I think you’ll have problems here unless you opt for a proper concave hull algorithm.

The problem with line flipping is that there’s no notion of a closed hull – rather, it just computes a line that passes through all vertices. You don’t know the first and last vertices to close until the line flipping terminates, at which point you’ll have to test a line from the first to last closed vertex, and this will probably fail.

Note that the way to generate a random convex shape is much simpler.

2 Likes

Following @micycle’s suggestion, you can also use the Hemesh library for computing the concave hull of a polygon.

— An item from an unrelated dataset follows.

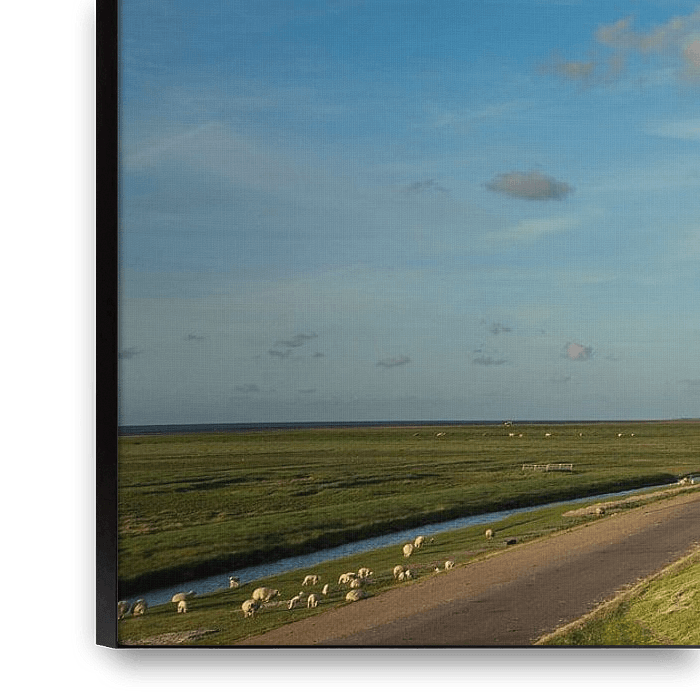 Peacefull space on the Waddendijk in North Groningen. On the left the salt marshes and the Wadden Sea and on the right the fields of the polder.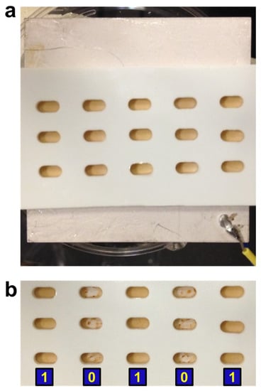 Multiplexed detection using acoustic radiation force. (a) A 15-sample plate placed on a piezo prior to applying ultrasound. (b) The sample plate after applying ultrasound. Each sample well was 4 mm long and 2 mm wide.

See this post for examples.

Revisiting this, if you want a compute a closed path that passes through all points once (rather than a shape hull), then you’re looking to compute the Undirected Hamiltonian cycle of the points (when they’re modelled as a complete graph).

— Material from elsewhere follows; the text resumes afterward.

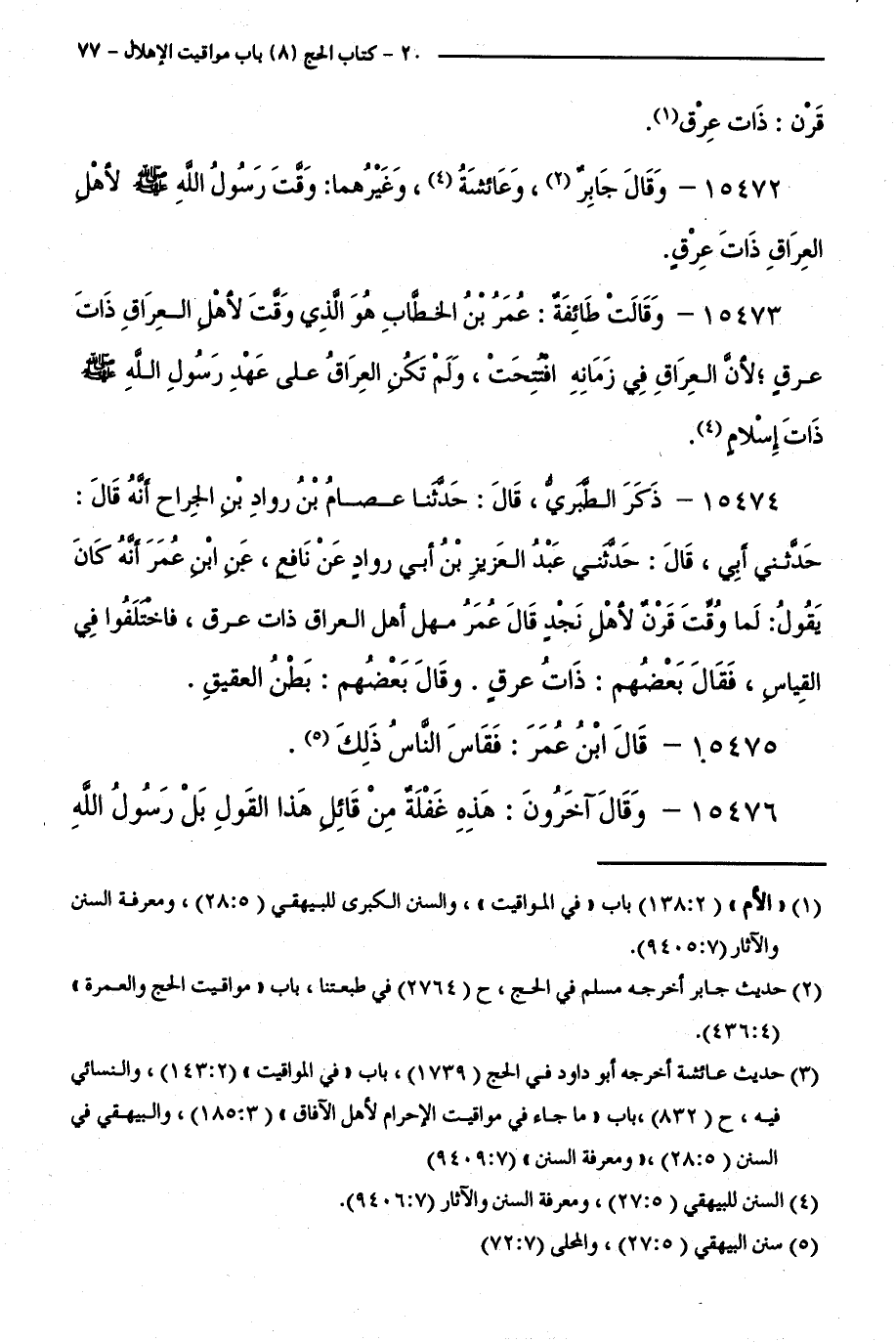 15474 - ذَكَرَ الطَّبَرِيُّ، قَالَ: حَدَّثَنَا عِصَامُ بْنُ رَوَّادِ بْنِ الْجِرَاحِ أَنَّهُ قَالَ: حَدَّثَنِي أَبِي، قَالَ: حَدَّثَنِي عَبْدُ الْعَزِيزِ بْنُ أَبِي رَوَّادٍ عَنْ نَافِعٍ، عَنِ ابْنِ عُمَرَ أَنَّهُ كَانَ يَقُولُ: لَمَّا وُقِّتَ قَرْنٌ لِأَهْلِ نَجْدٍ قَالَ عُمَرُ مَهَلُّ أَهْلِ الْعِرَاقِ ذَاتُ عِرْقٍ، فَاخْتَلَفُوا فِي الْقِيَاسِ، فَقَالَ بَعْضُهُمْ: ذَاتُ عِرْقٍ. وَقَالَ بَعْضُهُمْ: بَطْنُ الْعَقِيقِ.

It’s a rather fundamental (NP-complete) graph/combinatorial problem and has fair bit of research interest, with implemented solutions out there.

1 Like

Below an implementation of @jb4x and @micycle’s idea in Processing Python mode. I’m using the HeldKarpTSP class from the JGraphT library for the calculation of the Traveling Salesman Problem (which is an extension of the Hamiltonian circuit problem mentioned above).

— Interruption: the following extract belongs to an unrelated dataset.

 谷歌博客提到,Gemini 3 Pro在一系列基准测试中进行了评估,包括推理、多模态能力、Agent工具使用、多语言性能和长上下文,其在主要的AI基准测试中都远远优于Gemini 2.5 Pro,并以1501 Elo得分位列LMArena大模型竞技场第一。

from org.jgrapht.graph import SimpleWeightedGraph, DefaultWeightedEdge
from org.jgrapht.alg.tour import HeldKarpTSP

W, H, M, N = 1000, 700, 100, 18

def setup():
    background('#FFFFFF')
    size(W, H)

    # List of random points
    points = [PVector(random(M, W-M), random(M, H-M)) for p in xrange(N)]
    
    # Create Complete Graph
    graph = SimpleWeightedGraph(DefaultWeightedEdge)
    
    for i1, p1 in enumerate(points):
        if not i1: graph.addVertex(i1)
        for i2, p2 in enumerate(points[i1+1:], i1+1):
            if not i1: graph.addVertex(i2)
            edge = DefaultWeightedEdge()
            graph.addEdge(i1, i2, edge)
            graph.setEdgeWeight(edge, p1.dist(p2))
      
    # Path indices (tour)                 
    t = HeldKarpTSP().getTour(graph).getVertexList()

    # Draw path
    for i1, i2 in zip(t, t[1:]):
        p1 = points[i1]
        p2 = points[i2]
        line(p1.x, p1.y, p2.x, p2.y)

Edit: Obviously it works on a Delaunay Graph as well:

Delaunay Graph version
from org.jgrapht.graph import SimpleWeightedGraph, DefaultWeightedEdge
from org.jgrapht.alg.tour import HeldKarpTSP
add_library('hemesh')

W, H, M, N = 1000, 700, 100, 18

def setup():
    background('#FFFFFF')
    size(W, H)
    
    # List of random points
    points = [WB_Point(random(M, W-M), random(M, H-M)) for p in xrange(N)]
    
    # Compute Delaunay triangulation 
    triangulation = WB_Triangulate.triangulate2D(points)
    edges = iter(triangulation.getEdges())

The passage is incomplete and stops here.